Subdivisions are really dumb, most ineffiecent type of housing creating ever by mankind.

Either live in the country and live in the city.

Anonymous said...

"Restricting Construction" always leads to higher prices. It's called supply and demand. Just ask the people in coastal communties where the rich get in and lock the poor out. There is no way around that situation.

Anonymous said...

That is the most concise statement regarding the bubble and any plans to bail out bubble losers I've read.

Anonymous said...

Obama and the democrat controlled senate and the democrat controlled house totally disagree...

Anonymous said...

Don't Worry be Happy and Party like it's 1929.

Anonymous said...

there is no way to sustain the bubble short of income inflation.
no sign of that !

Anonymous said...

Kuttner has it exactly wrong on the Great Depression, just as the corrupt public education system is designed to do on the subject. Hoover administration did intervene. Remember Smoot-Hawley Tarrif Act that was supposed protect American producers? It ended up hurting other American producers even more, as the tarrifs barriers faced prompt payback in kind from other countries; Remember the Hoover Dam? It's not called FDR Dam because the big government public works program wasn't started by FDR. It was launched by Hoover. FDR's cronies just made sure that Democrats got preferential hiring on the job site, including the scribes paid by the government's Ministry of Truth to cover the work progress. What's ironic was that Hoover's government interventions attracted so much public animosity that FDR won election on a platform of cutting out Hoover's programs and "committees," reducing the size of government, balancing the government budget, and maintaining gold standard. Of course, FDR did none of that after getting elected. The only government reduction FDR did was legalizing alcohol . . . which had a temporary euphoric effect. Then the economy was back to tanking by 1934, got really worse by 1937 . . . then FDR was off looking for a war to fight in order to divert public attention and reduce statistic unemployment rate (the slaves and the dead young men in the military would stop showing up as government unemployment statistic).

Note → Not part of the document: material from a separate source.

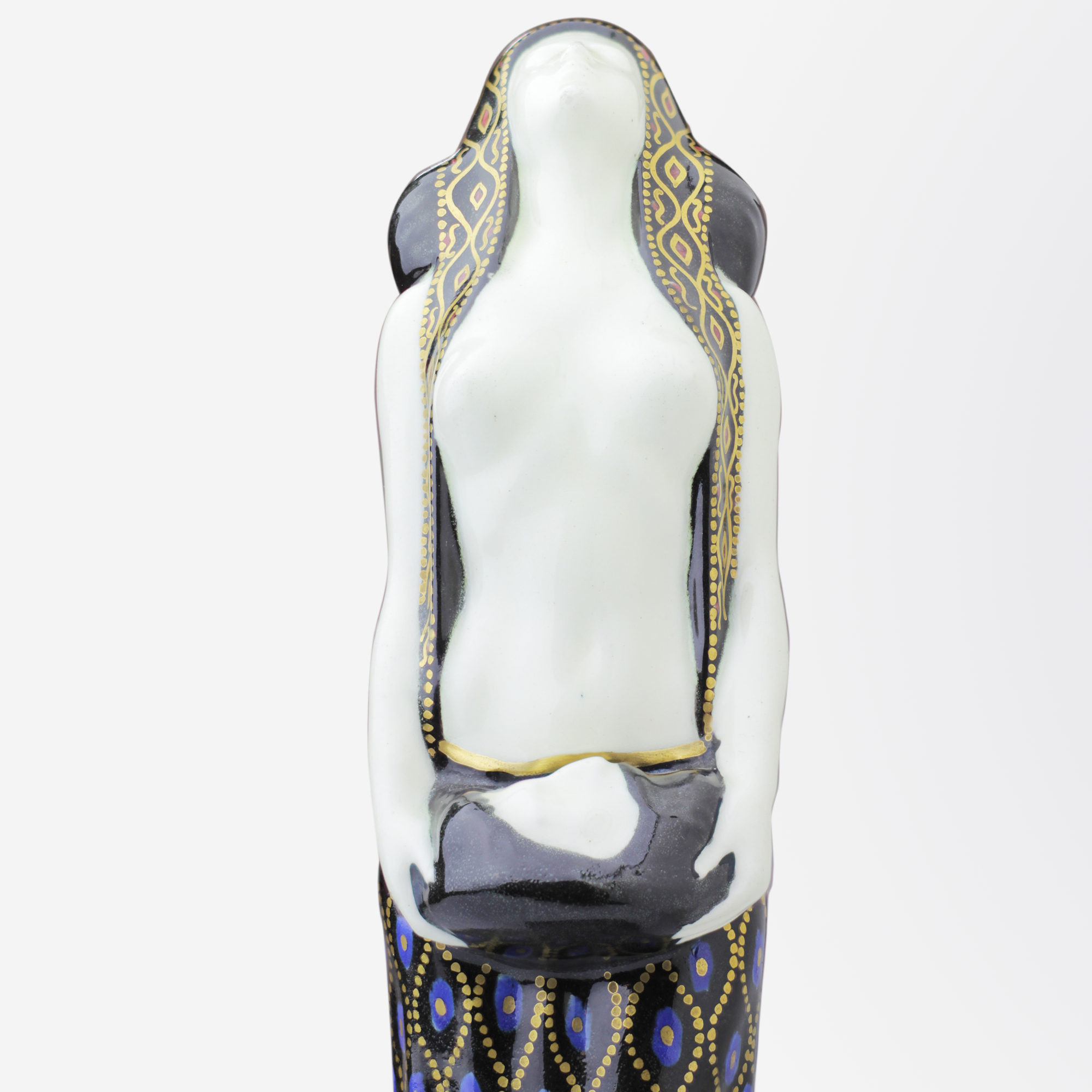Une statuette très rare et importante de Salomé tenant la tête de Jean-Baptiste, réalisée en Autriche. Œuvre de Karl Klaus (1889-1925), elle fut confectionnée par le maître verrier Ernst Wahliss vers 1911. La statuette représente Salomé, fille d'Hérode II et d'Heordius, debout, la nuque inclinée, tenant entre ses mains la tête tranchée de Jean-Baptiste. Richement décorée dans une palette sobre de noir, blanc, bleu indigo, rouge et or, la statuette témoigne indéniablement du goût Sécession. Élève de Josef Hofmann, Klaus créa plusieurs statuettes et objets décoratifs pour Ernst Wahliss sous le nom de « Serapis Wahliss ». La statuette porte à l'intérieur la marque « Serapis Wahliss », ainsi que des marques d'enregistrement et une signature frottée sur émail.

There were depressions in the 19th century . . . and in 1907, and in 1920. All of them were short-lived events as market quickly washed out the excess. Hoover and FDR turned a depression into The Great Depression precisely because of their interventions . . . just like government social workers intervening in inner cities to fight poverty led to generational broken families on top poverty; just like government intervention in Iraq to keep oil price down ended up with highest oil price ever. The Great Depression did not end until after WWII, when Truman quietly removed those government committees and direct interventions set up by Hoover and FDR. We are still living with the legacies Hoover and FDR's mistakes: the long term liabilities resulting from entitlement programs, for example.

Anonymous said...

re Kuttner's piece:

Sure is a treat to see Socialism For Stockholders emerge under a smokescreen of "we're all in this together."

CHRIST was that pathetic.

"...This substantial "haircut" would come at the expense of financiers..."

A more cynical person might think him dishonest.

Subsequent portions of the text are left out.